What does it take to be a book editor with your own imprint? For Dolan, it’s “doing what editors always do, except perhaps slightly more of it.” That means even more conversations with agents, more fan letters to writers, and generally opening the brain to “as many ideas as possible.” But having an open mind, while necessary for shaping a nascent imprint, by no means indicates that Dolan doesn’t already know “what makes an Eamon Dolan book.”

“Starting the imprint has been rather hectic, but it’s also given me the chance to step back and ponder,” Dolan told PW. “Every editor’s list is, in an oblique way, his autobiography, and I’ve had a chance over these last months to peruse my own, identifying my strongest interests and hopes.” Dolan said that the imprint has allowed him more latitude than ever before in exploring projects.
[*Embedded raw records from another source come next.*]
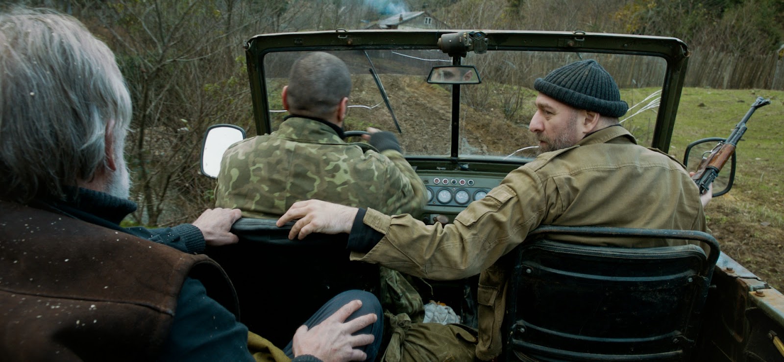 The relative peace of Ivo’s existence is abruptly shattered when a small but nasty firefight takes place between rebel and Georgian forces at the edge of his property. Most of the combatants from each side are killed, but two of them – one from each faction – somehow manage to survive. Ahmed (Giorgi Nakashidze), a Chechan mercenary, and Niko (Mikheil Meskhi), a Georgian soldier, suffer serious injuries, but care is at hand. With the aid of Juhan (Raivo Trass), the local physician, Ivo takes in the survivors, tending to their wounds and slowly nursing them back to health.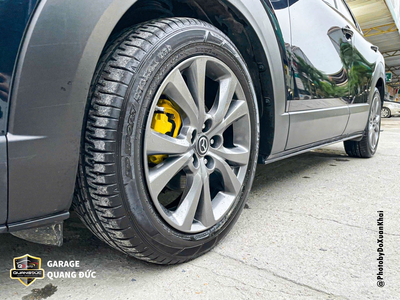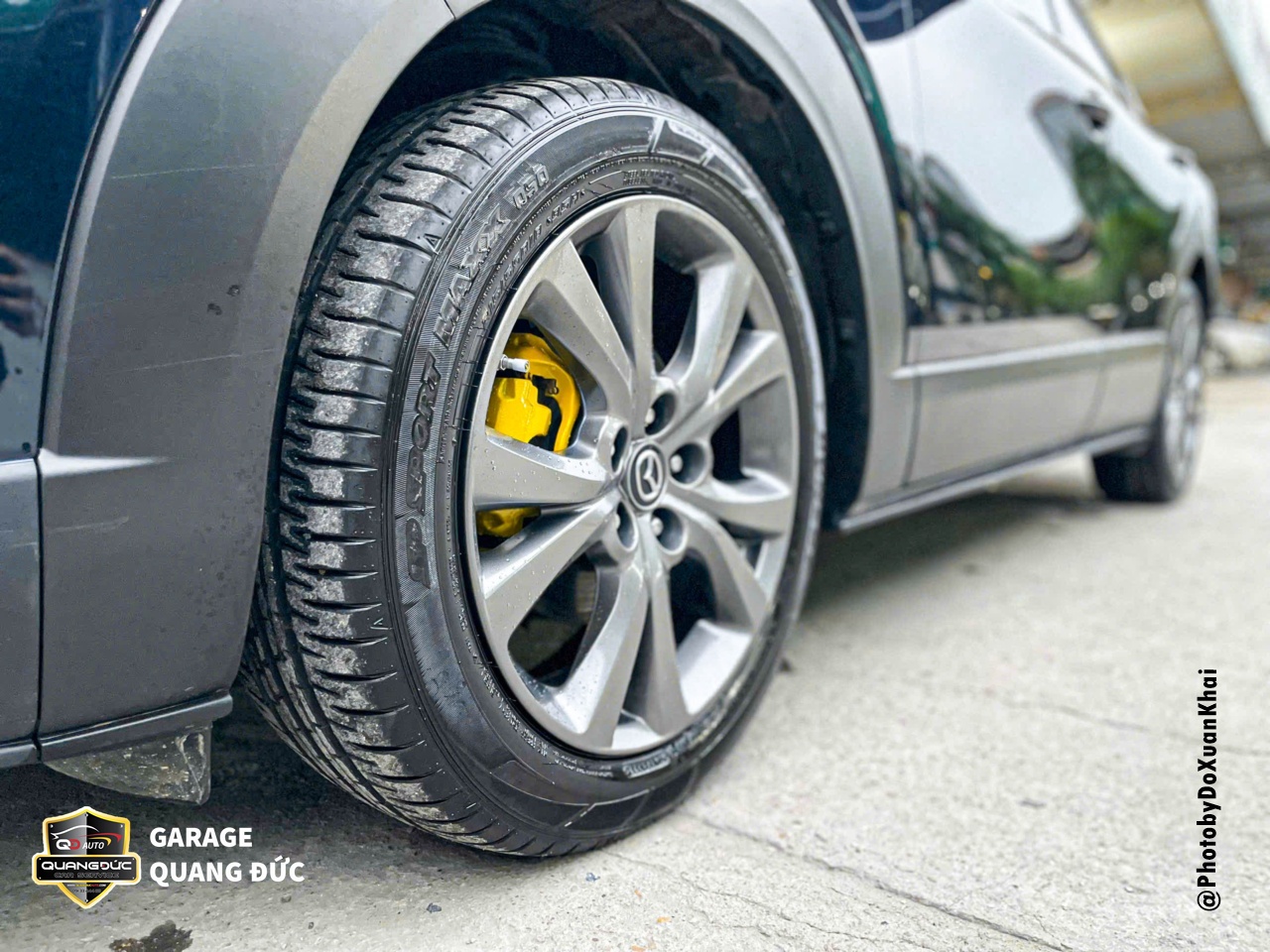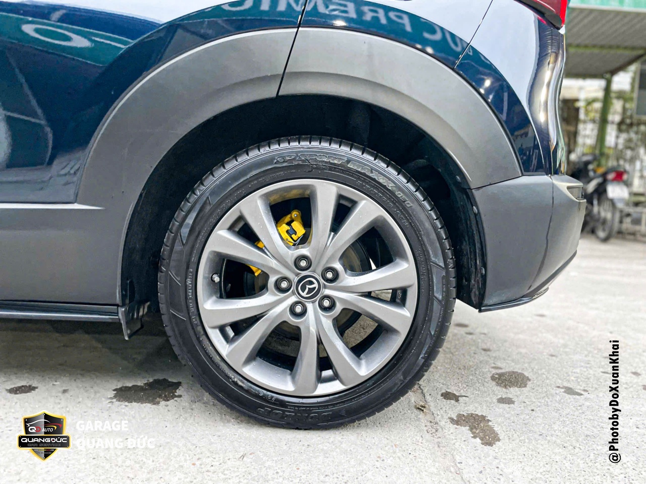 Chủ xe MAZDA CX-30 đã lựa chọn màu vàng và sơn Dupont để sơn cho cùm phanh 4 bánh trên xe.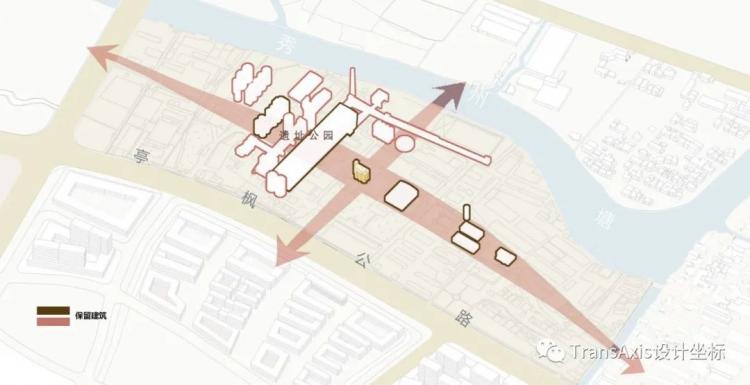 新增的网格状轴线中,最为吸睛的是两条十字交叉的轴线,它们既是串联入口到江边、东岸至西岸的主要路径,也是串联所有保留建筑形成完整“遗址公园”与“水岸游廊”的重要轴线。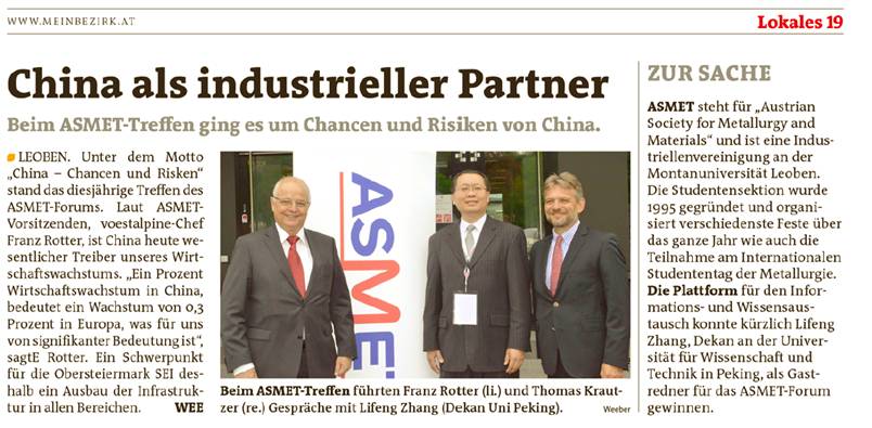 受奥地利冶金与材料协会的邀请和中国金属学会的委托,我校AV研究所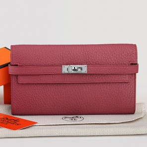 Hermes Kelly Original Clemence Leather Bi-Fold Wallet A708 Rose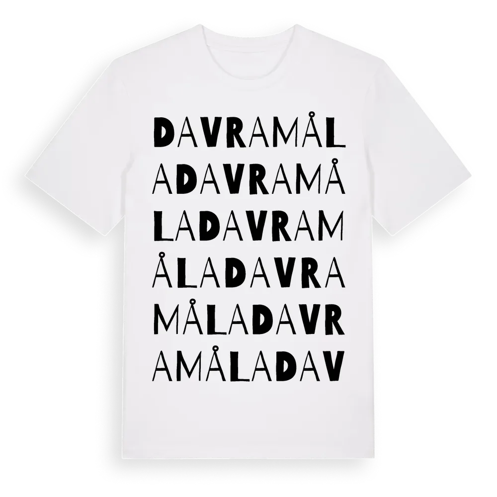 Davramåla ordlek t-shirt är inspirerad av byn Davramåla i Blekinge län, Sverige. Tröjan är designad för dig som har en speciell koppling till platsen – oavsett om du bor här, har rötterna här eller bara älskar Davramåla.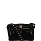 It features two front pockets, perfect for storing your everyday essentials and finding them quickly. It can hold a small water bottle, your phone, a tablet, keys, a wallet, lip gloss, and much more. It also includes a long, adjustable, and removable strap that matches the bag, and a short studded shoulder strap.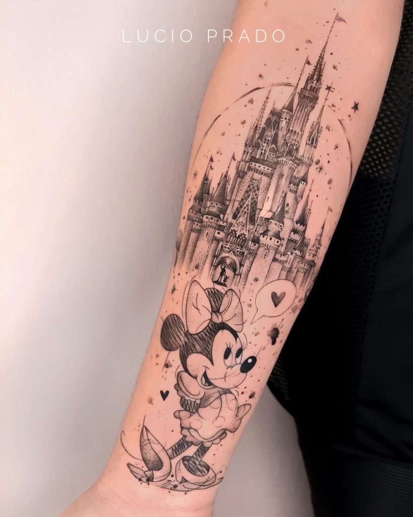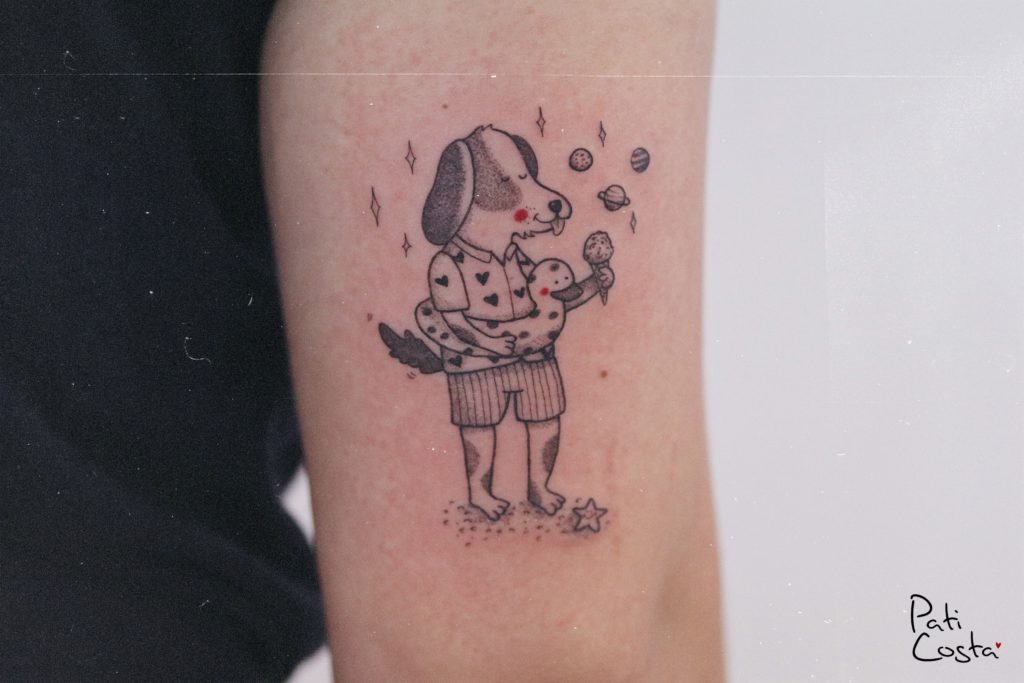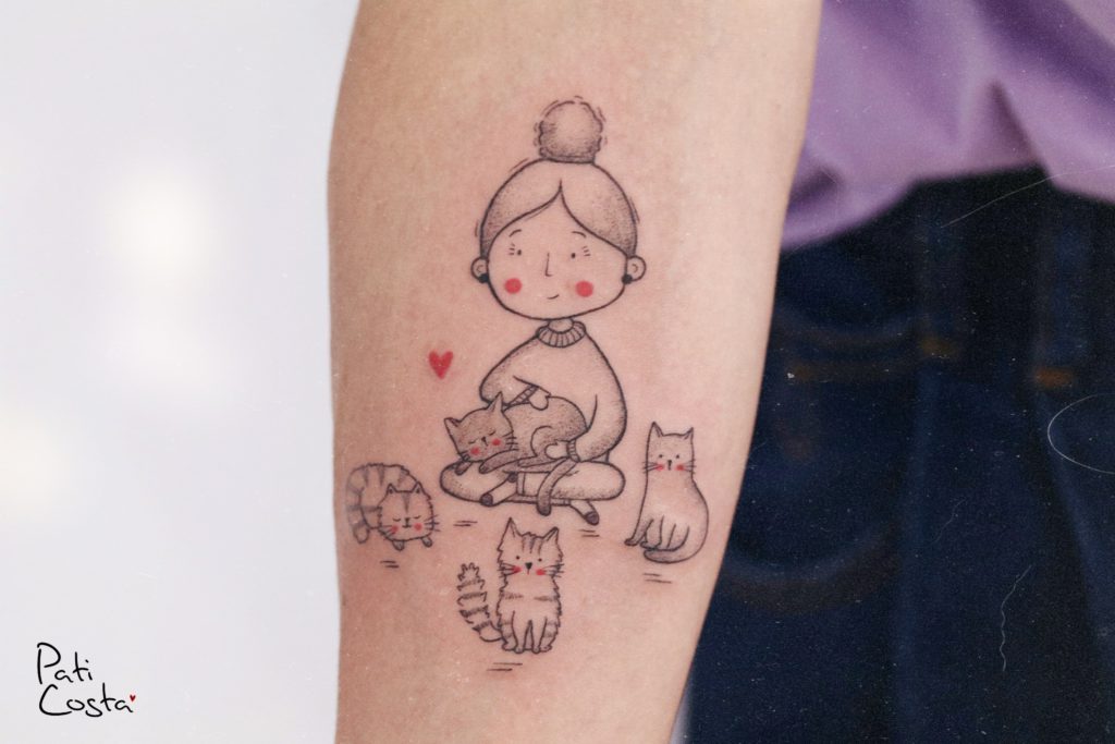 “Tatuo há pouco mais de 2 anos, mas sou designer e já trabalhava com um estilo próprio de ilustração, então trouxe para as tatuagens as minhas fofurices de bochechas vermelhas. Minha inspiração é o universo lúdico infantil, sua leveza e delicadeza. Gosto de trabalhar com linhas finas e sombras suaves, criando tatuagens exclusivas que contam histórias.”

Beginning May 15, that exploration will take the form of the first Eamon Dolan book, Father’s Day by Buzz Bissinger, a writer-editor reunion from 2005’s Three Nights in August.

But what makes an Eamon Dolan book? “I love books that make an argument, whether overtly or covertly,” he said. “I also want a book to give me hope. Though I’ve published quite a few exposés of grim truths in my time, I always gravitate toward stories or arguments that point toward a solution or offer a sense of promise. Stuffing all of this into a nutshell, I’d say that I want to publish books that change people’s minds.” Dolan has signed 14 titles to date. In addition to Father’s Day, Dolan’s list will include David Sheff’s Clean (Jan. 2013), which offers a new research-based paradigm for dealing with addiction, and the just acquired The Boy Who Played with Fusion, an account of a 14-year-old who successfully built his own nuclear reactor, set for a 2014 publication.

Dolan, who has been in publishing for 25 years, said he knew he wanted to be an editor in college, “even before I knew what an editor really did. I realized that I was a good prose stylist, but I lacked the sustained imagination that it takes to be an actual writer,” he said. “So, I reasoned, perhaps I could help actual writers sharpen their prose and ideas. And it turns out that I could.” Dolan edited a number of bestselling books in his first stint at HMH, including The God Delusion and Fast Food Nation (the book he acquired that has most influenced his own thinking), before leaving for Penguin. But upon returning to HMH last year, Dolan said, “The essence of the place feels the same: collaborative, open, gracious, hardworking, deeply bibliophilic.”